Two weeks after a Delaware judge issued a restraining order against Kurt Busch following allegations of domestic abuse towards his former girlfriend, prosecutors in that jurisdiction handed down what was ultimately the final criminal ruling. Citing insufficient evidence, prosecutors declined to file any criminal charges against Busch, effectively ending any chance of a conviction. In other words, there was simply not enough evidence to “meet the burden of establishing beyond a reasonable doubt” that the events as Patricia Driscoll recounted them took place.
It doesn’t mean that nothing happened that night, but it does cast the events in a different light than the family court judge painted them just two weeks ago. The difference is that for the restraining order, the judge only had to weigh the two sides and decide which one was the most likely. There can be plenty of doubt in his mind; he only had to be 51 percent in favor of Driscoll’s story to issue the order. A criminal conviction, on the other hand, means convincing a jury of 12 people that a person is guilty beyond a reasonable doubt, meaning that if there is any doubt at all that the accused could have committed the crime in question, their verdict must be not guilty. Prosecutors felt that this case could not be proven beyond that reasonable doubt, and therefore decided not to pursue it further.
The ruling is goid news for Busch and Stewart-Haas Racing, of course, but it does make NASCAR look a little… um, hasty. NASCAR moved to suspend Busch indefinitely as soon as the judge issued his full findings in granting the restraining order, presuming him guilty of something if the judge sided with Driscoll. Busch now has to work through a NASCAR-devised program to be reinstated. The problem is, under the law of the land, he didn’t commit a crime. Busch was, in effect, suspended from doing his job because of the suspicion that he might have committed a crime.
That’s a bit of a PR nightmare, especially considering that Travis Kvapil, who pleaded guilty to essentially the same crime, was never punished by the sanctioning body. So now, there’s a guy who admitted in front of a judge that he committed an act of domestic violence and was allowed to continue on as though nothing happened. And there’s another guy who, despite not being convicted or even charged with a crime, is sitting at home until NASCAR decides he’s paid his penance. That’s just not right.
The best thing NASCAR could do is to reinstate Busch immediately, apologize to him, his team and his fans for jumping to conclusions and let everyone move on.
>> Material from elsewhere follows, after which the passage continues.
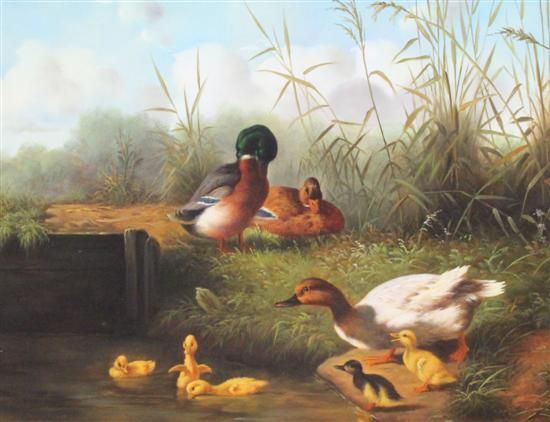 Ducks and ducklings beside a river

Instead, though, the sanctioning body admits no mistakes, issuing only the following statement via press release:
“NASCAR is aware of the Delaware Department of Justice announcement today regarding driver Kurt Busch. As we disclosed Monday, he has accepted the terms and conditions of a reinstatement program and is actively participating in the program. Kurt Busch’s eligibility for reinstatement will continue to be governed by that program and the NASCAR Rule Book, though the elimination of the possibility of criminal charges certainly removes a significant impediment to his reinstatement.”
That could mean that NASCAR will speed up the process without admitting to being too quick to judgement, or it could still mean Busch will sit out for a while. NASCAR did not disclose what the reinstatement program entails or give a timetable. Fast-tracking Busch back to the track would probably be the second-best option, behind admitting they’re wrong.
But NASCAR isn’t the only hurdle Busch has to clear. Chevrolet also pulled support from the driver following the restraining order, and as a Chevy factory team, effectively backs Stewart-Haas Racing into a corner. Again, if Busch had been charged, tried and convicted, nobody would fault NASCAR or Chevrolet for their actions, but with that not being the case, it’s not so easy.
If Chevy isn’t going to come out and publicly admit they jumped the gun, the best thing for the manufacturer to do here is to quietly let the team know they will back the No. 41 and be done with it. And perhaps one of those two things will happen in the coming days as the situation sorts itself out.
In the end, NASCAR jumped the gun on Busch’s situation, and because of that, took a credibility hit. The sanctioning body takes another one in standing on their previous decision. Let’s hope that it’s a situation that never rears its ugly head again, but if it does, NASCAR should remember this case, take a deep breath, and let the justice system do its job. There’s plenty of time for suspensions and other penalties when that happens.